2: A ‘Golden Age’: living standards and fashions; growing prosperity and the rise of the gentry; the Elizabethan theatre and its achievements; attitudes to the theatre.

The poor: reasons for the increase in poverty; attitudes and responses to poverty; the reasons for government action and the seriousness of the problem.

English sailors: Hawkins and Drake; circumnavigation 1577–1580, voyages and trade; the role of Raleigh. – The Historic Environment – The Americas and Drake’s circumnavigation of the globe

Year 11

Autumn Term

1: How did Elizabeth’s authority change at home and abroad?

1: Essex’s Rebellion 1601

Conflict with Spain: reasons; events; naval warfare, including tactics and technology; the defeat of the Spanish Armada.

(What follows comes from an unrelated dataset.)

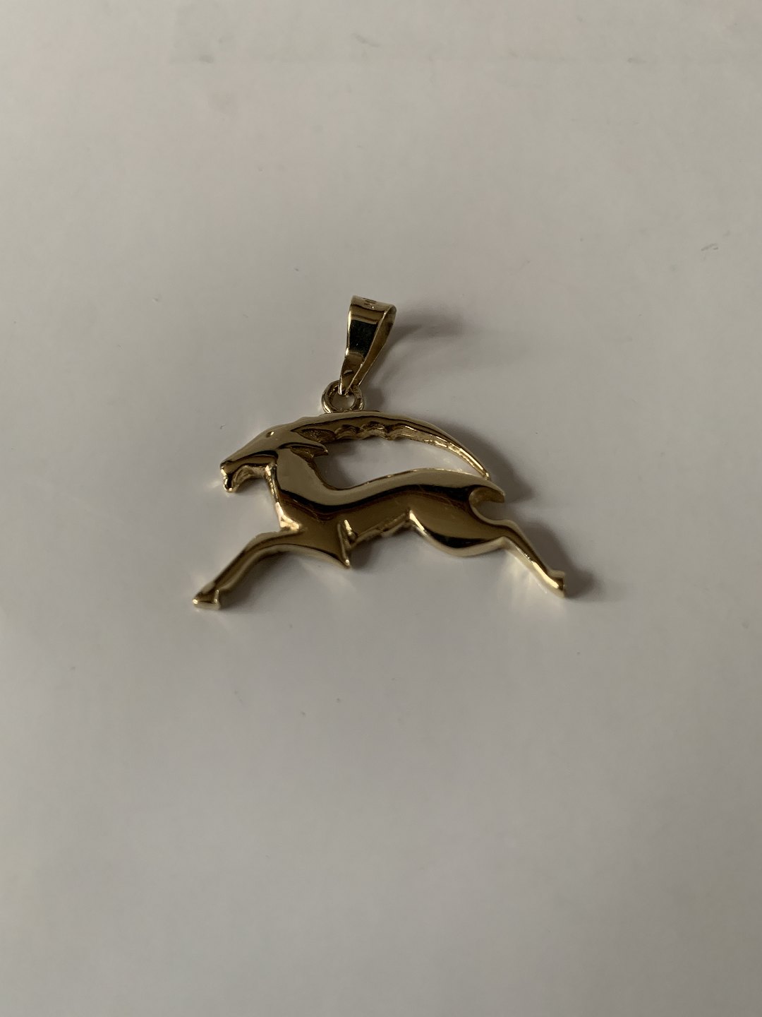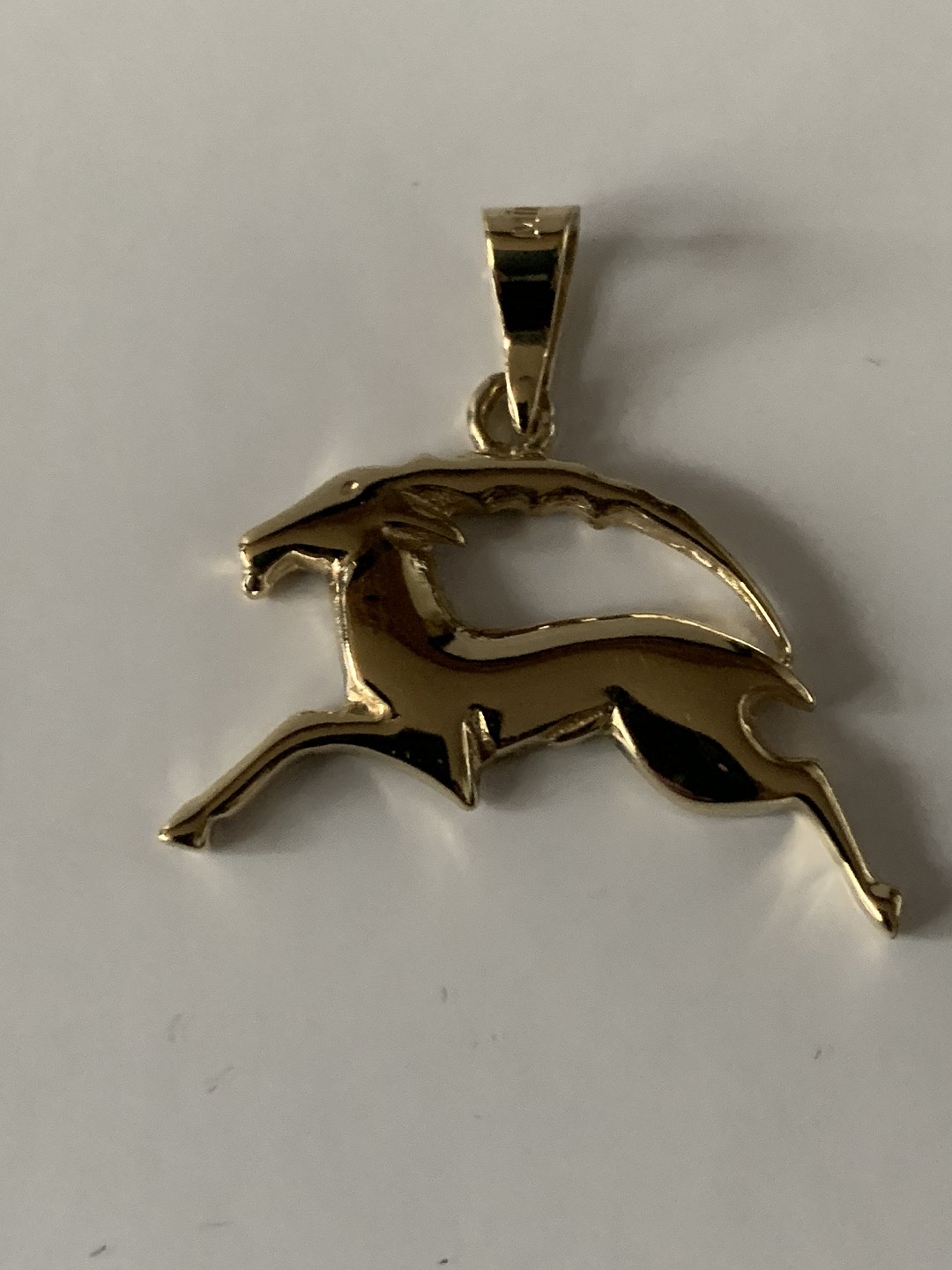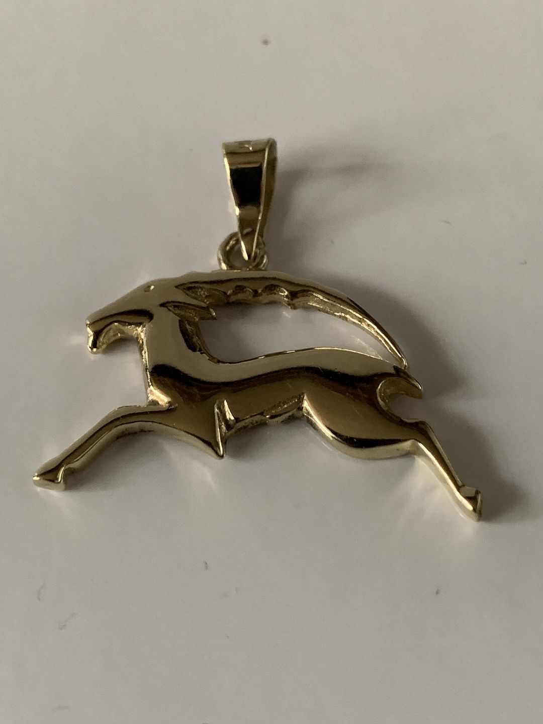 Vedhæng i 14 karat guld, lavet som stenbuk. Stemplet 585.

2: How were royal authority and feudalism challenged in Medieval England?

2: Constraints on kingship: the barons’ dissatisfaction with King John’s rule and its resolution; Magna Carta, its terms and its short and long-term impact.

The origins of parliament: issues between King Henry III and his barons; the role of Simon de Montfort; the Provisions of Oxford and the Parliament of 1265 and their short and long-term impact.

3: How was royal authority challenged during the early modern period?

3: Medieval revolt and royal authority: the social, economic and political causes of the Peasants Revolt; actions by rebels and government; impact of the Peasants’ Revolt.

Popular uprisings against the Crown: the social, economic, religious and political causes of the Pilgrimage of Grace; the implications for royal authority; Henry VIII and his government’s reaction and the impact of the uprising.

Divine Right and parliamentary authority: the causes of the English Revolution; the New Model Army and the development of political radicalism during the Civil War era; the short and long-term impact of the English Revolution, including the significance of trial and execution of Charles I and Oliver Cromwell and the Commonwealth.

Royal authority and the right to representation: the causes of the American Revolution including the relationship between the government and people; impact and significance of the American Revolution.

Spring Term

1: What was the role of protest movements in reforming British life in the 19th and 20th centuries?

1: The extension of the franchise: radical protest; the Great Reform Act, causes and impact, including further reform; Chartism, causes, actions and impact.

Protest and change: campaigning groups and their methods and impact, including the Anti-Slavery movement; the Anti-Corn Law League; factory reformers; social reformers.

Workers movements: the development of trade unionism and its impact, including Grand National Consolidation Trades Union (GNCTU), Tolpuddle Martyrs, New Model Unions and new unionism, including the match girls’ and dockers’ strikes.

2: How did minority groups fight for equal rights in the late 20th and early 21st century?

2: Women’s rights: the campaign for women’s suffrage, reasons, methods and responses; role of individuals, including the Pankhursts; the reasons for the extension of the franchise and its impact; progress towards equality in the second half of the 20th century.

Workers’ rights: the General Strike (1926), actions, reactions and impact; trade union reform in the late 20th century.

Minority rights: the development of multi-racial society since the Second World War; discrimination, protest and reform; the Brixton Riots, their impact, including the Scarman Report.

Summer Term

Revision and preparation for GCSE examinations


Assessment at Key stage 4

Internal: Assessments which include exam style questions at the end of each topic, mock examination at the end of year 10, mock examination in year 11 (content varies each year).  Students will be given regular feedback which they will use to create targets and track these over the course of the year.

External: Year 11 summer term terminal examination

Paper 1 and 2 (2 hours each)


How can parents help support their child’s learning?

Completing homework set by staff and accessing Google Classroom to help support learning outside of the classroom. Access websites such as BBC bitesize, BBC teach,Oxford University Press textbooks and revision guides, GCSE pod, Seneca


Enrichment opportunities

Year 10 attend a trip to a historic environment. In the past, they have visited the National Maritime Museum, Kenilworth Castle and Hardwick Hall.